The problem is that this returned list has no class, so it prints using the
default list method, producing ugly output like the following. This is even works with 4+ table dimensions.
$`Sex:Male`
X^2 df P(> X^2)
Likelihood Ratio 166.20 9 0.00000
Pearson 106.66 9 0.00000
Phi-Coefficient : NA
Contingency Coeff.: 0.486
Cramer's V : 0.32
$`Sex:Female`
X^2 df P(> X^2)
Likelihood Ratio 116.52 9 0.00000
Pearson 82.60 9 0.00000
Phi-Coefficient : NA
Contingency Coeff.: 0.454
Cramer's V : 0.292
Issues
Issues with this output:
- Uses raw
$name list notation rather than informative headings
- No overall header describing the table or the stratifying variable(s)
- No way to compare statistics across strata at a glance
- For 4+-way tables, names like
"Var3:level1|Var4:level2" are hard to parse
- No
summary() method that works across strata
Relevant source code
In vcd/R/assocstats.R, the recursive case (lines 2-14) returns a plain
named list/vector with no class:
assocstats <- function(x) {
if(!is.matrix(x)) {
l <- length(dim(x))
str <- apply(x, 3 : l, FUN = assocstats)
if (l == 3) {
names(str) <- paste(names(dimnames(x))[3], names(str), sep = ":")
} else {
dn <- dimnames(str)
dim(str) <- NULL
names(str) <-
apply(expand.grid(dn), 1,
function(x) paste(names(dn), x, sep = ":", collapse = "|"))
}
return(str)
}
# ... 2-way case returns classed "assocstats" object
}
The print.assocstats() and summary.assocstats() methods only handle the
single 2-way case. There are no methods for the list returned by the recursive case.
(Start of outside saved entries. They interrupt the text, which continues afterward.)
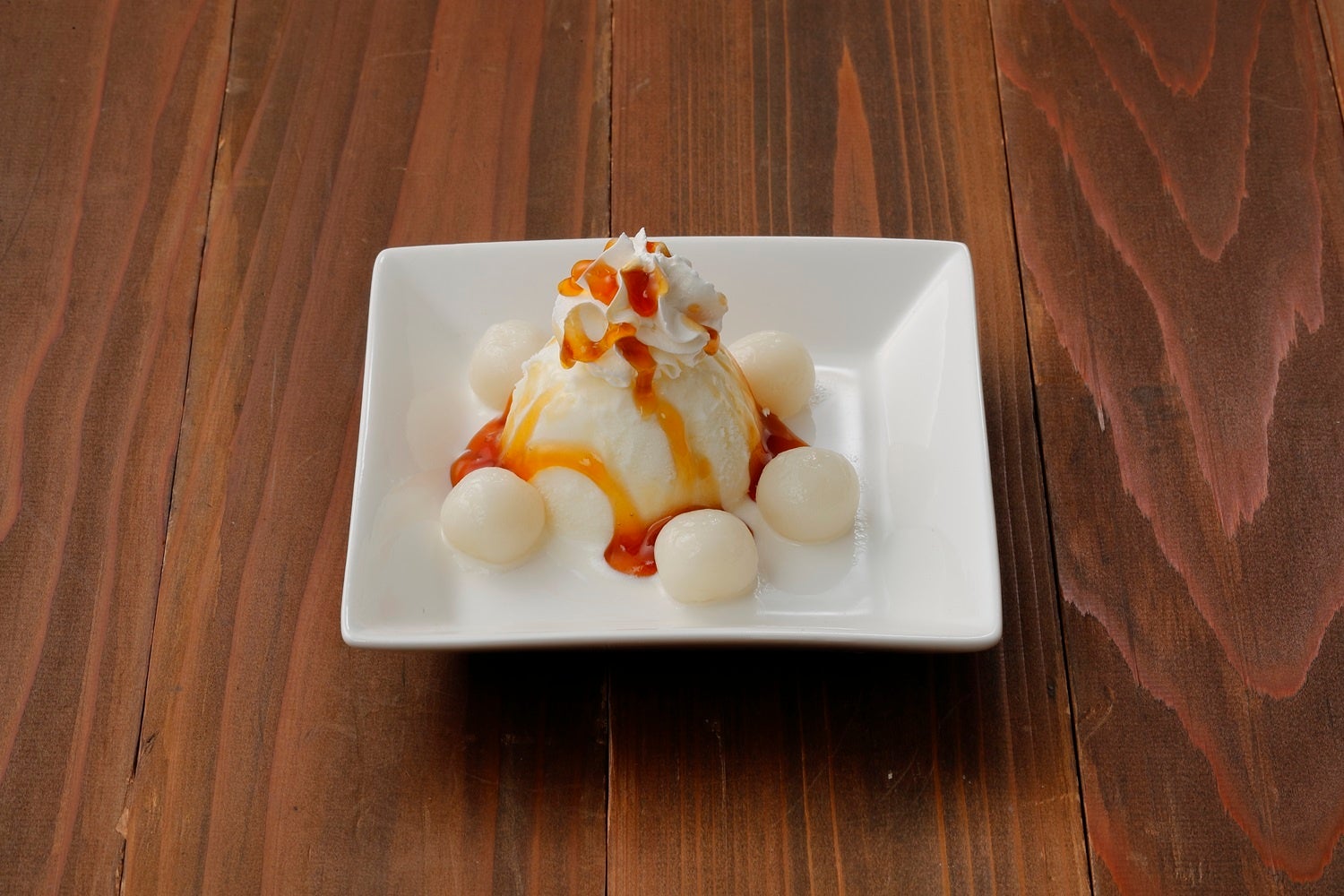 ヒラヤミルクアイスにみたらしのたれと生クリーム使用のホイップをトッピングし、あったかい白玉を添えた新感覚のデザート!
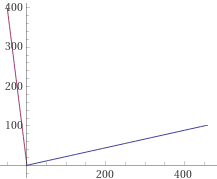![]() | La figura è stata tracciata con questo script. Cosa potremmo ottenere col software online WolframAlpha (vedi): parametric plot (45*t, 10*t), parametric plot (−5*t, 40*t), t=0..10 |
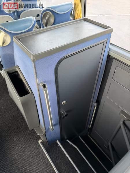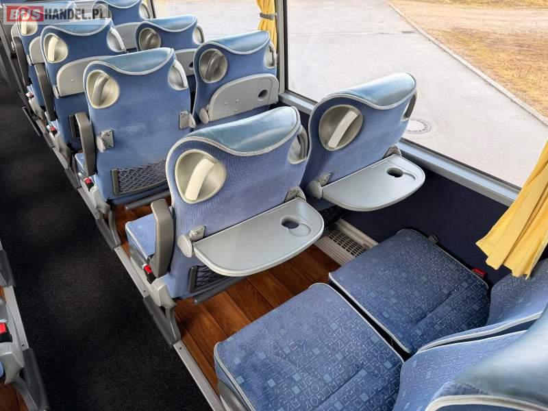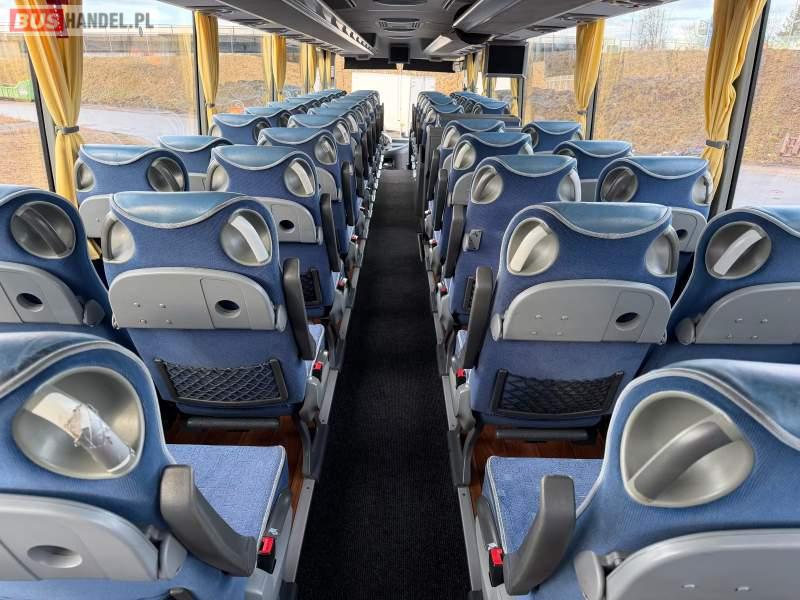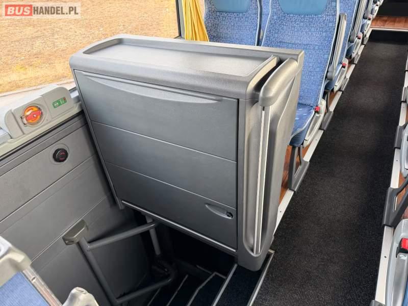 : video, WC, lodówka, caffebar, oświetlenie indywidualne, ABS, ASR, tempomat, retarder, CD, podnóżki, mikrofon, klimatyzacja, radio, regulacja wysokości nadwozia, centralny zamek, podwójne szyby boczne, wspomaganie kierownicy, elektryczne lusterka, fotele odchylane i rozsuwane, DVD, ogrzewanie stacjonarne, ESP

Proposed solution for vcdExtra
Since we don't have maintainer access to vcd, we can provide enhanced methods
in vcdExtra. There are two main components:
1. A wrapper or class for the list result
Create a small wrapper function or S3 class (e.g., "assocstats_list") with
print() and summary() methods:
# Option A: A wrapper that re-classes the vcd result
assocstats_list <- function(x) {
result <- vcd::assocstats(x)
if (is.list(result) && !inherits(result, "assocstats")) {
class(result) <- "assocstats_list"
attr(result, "dimnames_orig") <- dimnames(x)
}
result
}
Alternatively, register print and summary methods that check for an
unnamed list of assocstats objects.
2. print.assocstats_list() -- formatted stratum-by-stratum output
Replace the raw $name list notation with clear headings:
## Association Statistics for HairEyeColor
## Stratified by: Sex
--- Sex: Male ---
X^2 df P(> X^2)
Likelihood Ratio 166.20 9 0.00000
Pearson 106.66 9 0.00000
Phi-Coefficient : NA
Contingency Coeff.: 0.486
Cramer's V : 0.32
--- Sex: Female ---
X^2 df P(> X^2)
...
3. summary.assocstats_list() -- comparison table across strata
This is the most valuable addition. Collect key statistics into a data frame
for easy comparison:
## Summary of association statistics across strata
Pearson X^2 df p-value Cramer's V Contingency
Sex:Male 106.66 9 < 0.001 0.320 0.486
Sex:Female 82.60 9 < 0.001 0.292 0.454
This could return a data frame (or tibble) of class "summary.assocstats_list"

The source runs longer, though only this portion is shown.